▶ _TASK STATEMENT_
Restate the records below exactly. Pictures are not part of the copy.

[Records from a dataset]
================

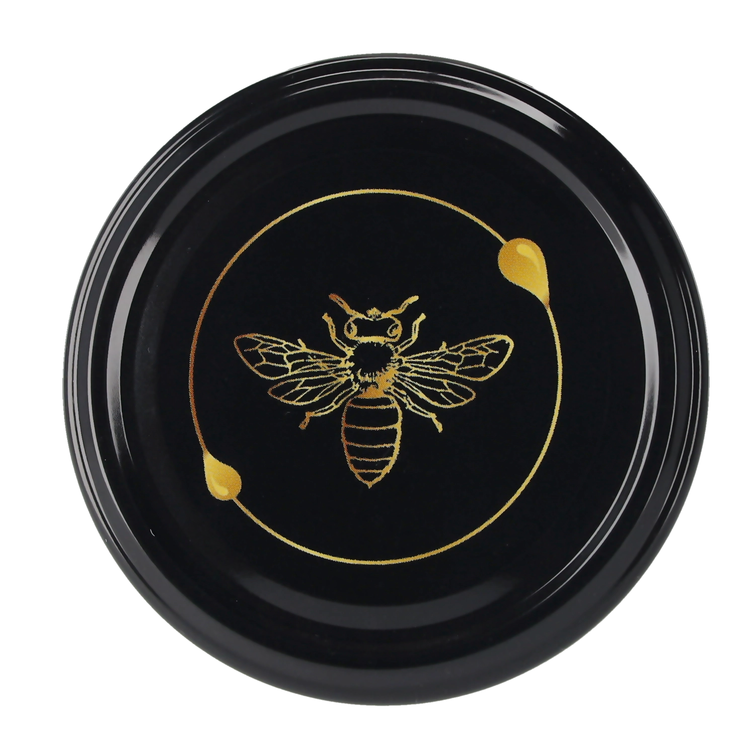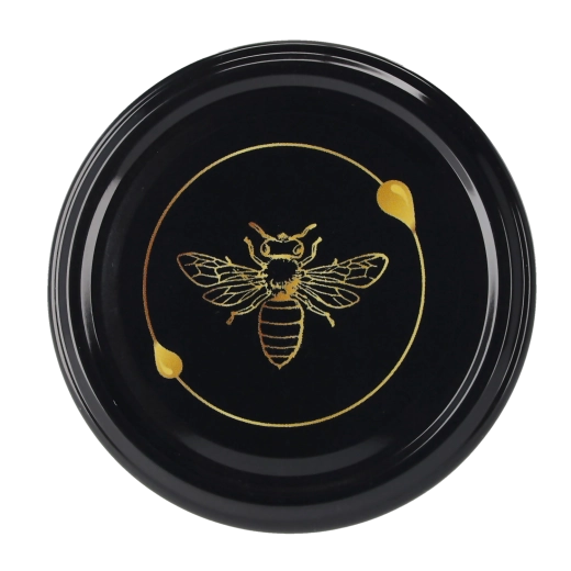 Les couvercles dorés avec abeille d’un diamètre ø 82 sont un excellent choix pour les apiculteurs, les producteurs fermiers et les artisans. Leur impression d’abeille, visuellement attractive, favorise la vente du miel et confère aux bocaux une apparence professionnelle. Des matériaux de qualité et une exécution précise contribuent à une fraîcheur durable et à un stockage sûr.
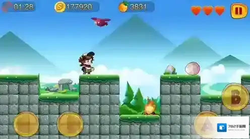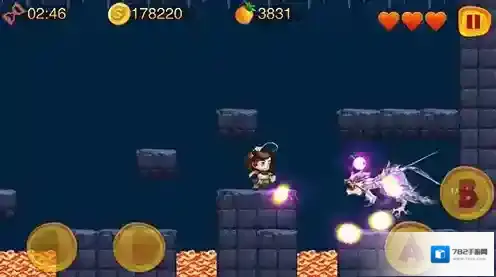 3、通过屏幕下方【A】【B】按键操控角色,收集金币,橙子等,注意躲避障碍和获取道具。
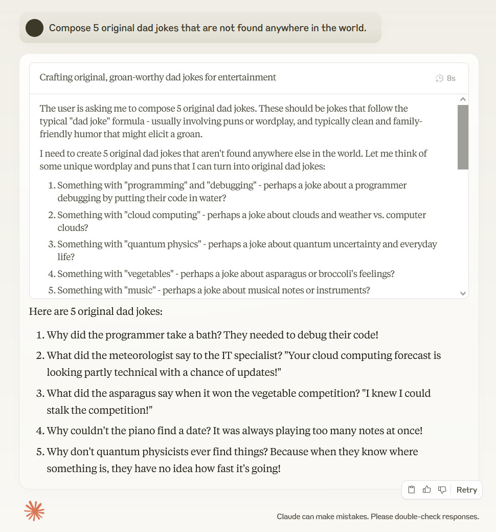 至于讲笑话嘛,要求「创作 5 个世界上找不到的原创老爸笑话」。这是一些结果:
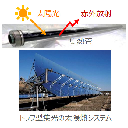 ステンレス管の外周面に下記の「光学選択吸収膜」を設けて太陽光を熱に変換する。一方、管内にはオイルや溶融塩などの熱媒体を流し、その熱媒が高温に加熱されて熱利用設備に送られる。
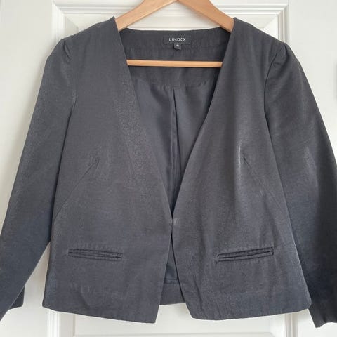 Jc kavaj för dam i svart färg. Storlek M. Enkelt knäppt framtill med knapp och med fickor framtill. Passar till vardag och arbete eller som del av en mer uppklädd outfit. Är från jc.. men fanns inte i listan
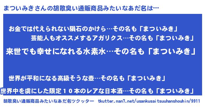 | 意味不明あだ名 | 『永久保存まついみき』『自称まついみき』 |
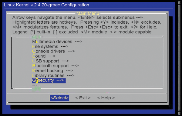 Make menuconfig with grsecurity patches
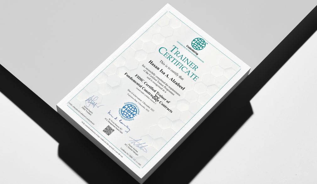 I am proud to announce that I have officially earned the FIDIC Certified Trainer – Fundamental Construction Contracts accreditation — becoming the first and only certified FIDIC contracts trainer from both Bahrain and the wider GCC region.
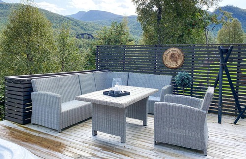 look forward to this fantastic vacation idyll near stordal and make this cozy cottage your home In the high-quality interior, you can cozy up in the evenings with a fireplace and entertaining movie and before that enjoy the view in the hot tub and barbecues on the terrace. You can start your mornings with a daily outdoor shower before gathering around the dining table for breakfast.
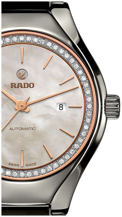 Корпус: Корпус выполнен из высокотехнологичной плазменной керамики. Циферблат светлый перламутровый, декорирован 60 бриллиантами. Золотистые стрелки. Сапфировое стекло. Диаметр 30 мм. Водозащита 50 м.
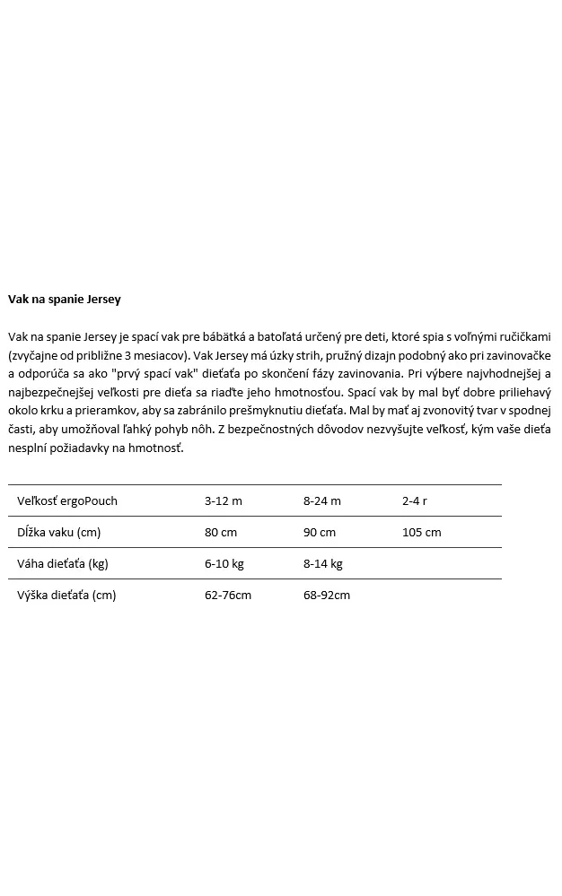 Vak na spaní pro miminka a batolata určený pro děti, obvykle od přibližně 3 měsíců. Vak na spaní Jersey má úzký střih, pružný design podobný jako u zavinovačky a doporučuje se jako „první spací pytel“ dítěte po skončení fáze zavinování. Design schválený pro bezpečný spánek je vyroben z měkké, elastické organické bavlny s certifikátem GOTS, která je netoxická a šetrná k pokožce dítěte. Ergonomicky navržený vak má zvonovou spodní část, která podporuje zdravý vývoj kyčlí a je schválena Mezinárodním institutem pro dysplazi kyčlí a materiál je elastický, aby se dítě mohlo během spánku volněji pohybovat a zůstat v pohodlí.
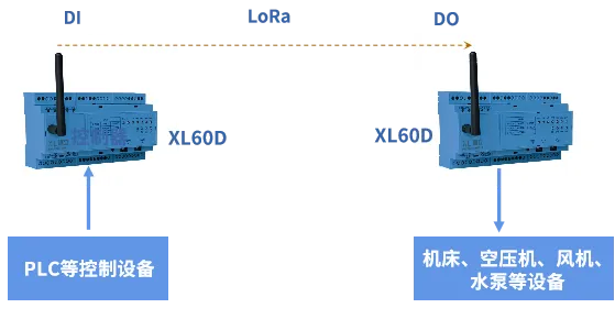 一對(duì)XL60D無(wú)線(xiàn)開(kāi)關(guān)量對(duì)傳模塊,其中一臺(tái)與PLC等控制儀表連接,作信號(hào)發(fā)射端;一臺(tái)配置在生產(chǎn)現(xiàn)場(chǎng),作信號(hào)接收端。發(fā)射端的XL60D將控制儀表的啟停命令,通過(guò)LoRa無(wú)線(xiàn)對(duì)傳到接收端,接收端的XL60D輸出開(kāi)關(guān)量信號(hào),控制設(shè)備啟、停。
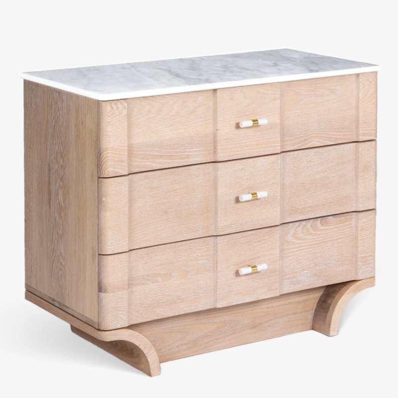 WOODEN 3 DRAWER CHEST WITH MARBLE TOP
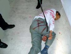 方正县拘留所恶警所长赵小波、胡亚军、全兴同指使刑事犯:杀人犯王义、诈骗强奸犯邓洪鹏、轮奸犯原沙河子农场派出所副所长杨明军、过失杀人犯滕树学等打手,残酷的折磨法轮功学员,酷刑手段包括:1弹眼珠;2扎手指、脚趾、背部、头、脸等全身各处;3打软肋;4用皮鞋跟砍嗓子、砸头;5拔胡子; 6撅着用脚踹等。(如演示图1)
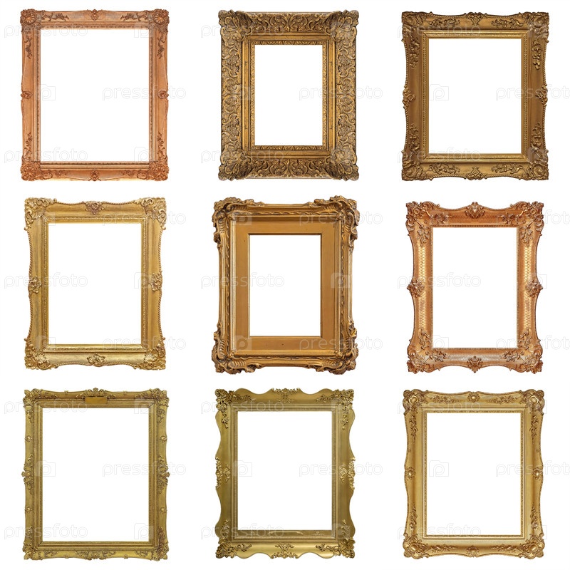 Набор золотых рамок для картин, зеркал или фотографий, изолированных на белом фоне
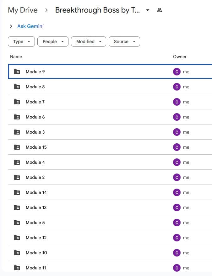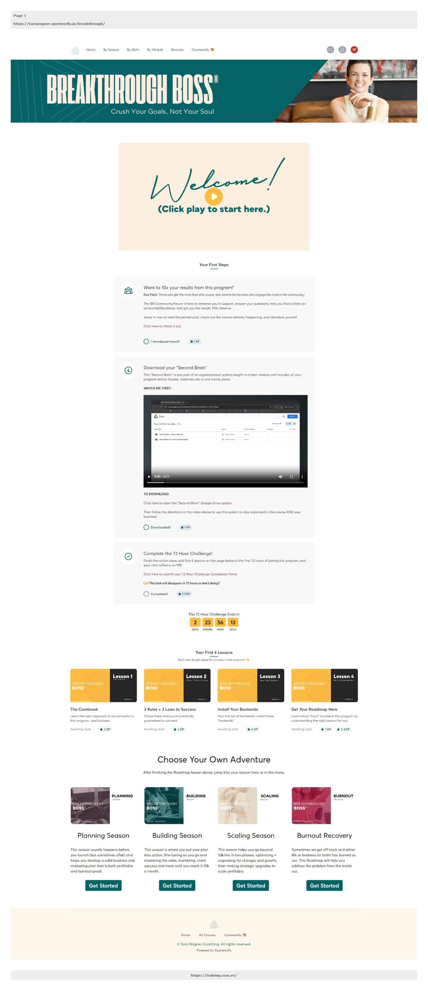 The Three-Season Framework — Rather than dumping all content at once or following a rigid sequence, Breakthrough Boss organizes the entrepreneurial journey into three distinct seasons: Planning (Modules 1-3), Building (Modules 4-8), and Scaling (Module 9). This structure lets business owners enter at the season that matches their current stage instead of wading through content that does not apply yet.

================

▶ _SOLUTION TO THIS TASK_
 Les couvercles dorés avec abeille d’un diamètre ø 82 sont un excellent choix pour les apiculteurs, les producteurs fermiers et les artisans. Leur impression d’abeille, visuellement attractive, favorise la vente du miel et confère aux bocaux une apparence professionnelle. Des matériaux de qualité et une exécution précise contribuent à une fraîcheur durable et à un stockage sûr.
 3、通过屏幕下方【A】【B】按键操控角色,收集金币,橙子等,注意躲避障碍和获取道具。
 至于讲笑话嘛,要求「创作 5 个世界上找不到的原创老爸笑话」。这是一些结果:
 ステンレス管の外周面に下記の「光学選択吸収膜」を設けて太陽光を熱に変換する。一方、管内にはオイルや溶融塩などの熱媒体を流し、その熱媒が高温に加熱されて熱利用設備に送られる。
 Jc kavaj för dam i svart färg. Storlek M. Enkelt knäppt framtill med knapp och med fickor framtill. Passar till vardag och arbete eller som del av en mer uppklädd outfit. Är från jc.. men fanns inte i listan
 | 意味不明あだ名 | 『永久保存まついみき』『自称まついみき』 |
 Make menuconfig with grsecurity patches
 I am proud to announce that I have officially earned the FIDIC Certified Trainer – Fundamental Construction Contracts accreditation — becoming the first and only certified FIDIC contracts trainer from both Bahrain and the wider GCC region.
 look forward to this fantastic vacation idyll near stordal and make this cozy cottage your home In the high-quality interior, you can cozy up in the evenings with a fireplace and entertaining movie and before that enjoy the view in the hot tub and barbecues on the terrace. You can start your mornings with a daily outdoor shower before gathering around the dining table for breakfast.
 Корпус: Корпус выполнен из высокотехнологичной плазменной керамики. Циферблат светлый перламутровый, декорирован 60 бриллиантами. Золотистые стрелки. Сапфировое стекло. Диаметр 30 мм. Водозащита 50 м.
 Vak na spaní pro miminka a batolata určený pro děti, obvykle od přibližně 3 měsíců. Vak na spaní Jersey má úzký střih, pružný design podobný jako u zavinovačky a doporučuje se jako „první spací pytel“ dítěte po skončení fáze zavinování. Design schválený pro bezpečný spánek je vyroben z měkké, elastické organické bavlny s certifikátem GOTS, která je netoxická a šetrná k pokožce dítěte. Ergonomicky navržený vak má zvonovou spodní část, která podporuje zdravý vývoj kyčlí a je schválena Mezinárodním institutem pro dysplazi kyčlí a materiál je elastický, aby se dítě mohlo během spánku volněji pohybovat a zůstat v pohodlí.
 一對(duì)XL60D無(wú)線(xiàn)開(kāi)關(guān)量對(duì)傳模塊,其中一臺(tái)與PLC等控制儀表連接,作信號(hào)發(fā)射端;一臺(tái)配置在生產(chǎn)現(xiàn)場(chǎng),作信號(hào)接收端。發(fā)射端的XL60D將控制儀表的啟停命令,通過(guò)LoRa無(wú)線(xiàn)對(duì)傳到接收端,接收端的XL60D輸出開(kāi)關(guān)量信號(hào),控制設(shè)備啟、停。
 WOODEN 3 DRAWER CHEST WITH MARBLE TOP
 方正县拘留所恶警所长赵小波、胡亚军、全兴同指使刑事犯:杀人犯王义、诈骗强奸犯邓洪鹏、轮奸犯原沙河子农场派出所副所长杨明军、过失杀人犯滕树学等打手,残酷的折磨法轮功学员,酷刑手段包括:1弹眼珠;2扎手指、脚趾、背部、头、脸等全身各处;3打软肋;4用皮鞋跟砍嗓子、砸头;5拔胡子; 6撅着用脚踹等。(如演示图1)
 Набор золотых рамок для картин, зеркал или фотографий, изолированных на белом фоне
 The Three-Season Framework — Rather than dumping all content at once or following a rigid sequence, Breakthrough Boss organizes the entrepreneurial journey into three distinct seasons: Planning (Modules 1-3), Building (Modules 4-8), and Scaling (Module 9). This structure lets business owners enter at the season that matches their current stage instead of wading through content that does not apply yet.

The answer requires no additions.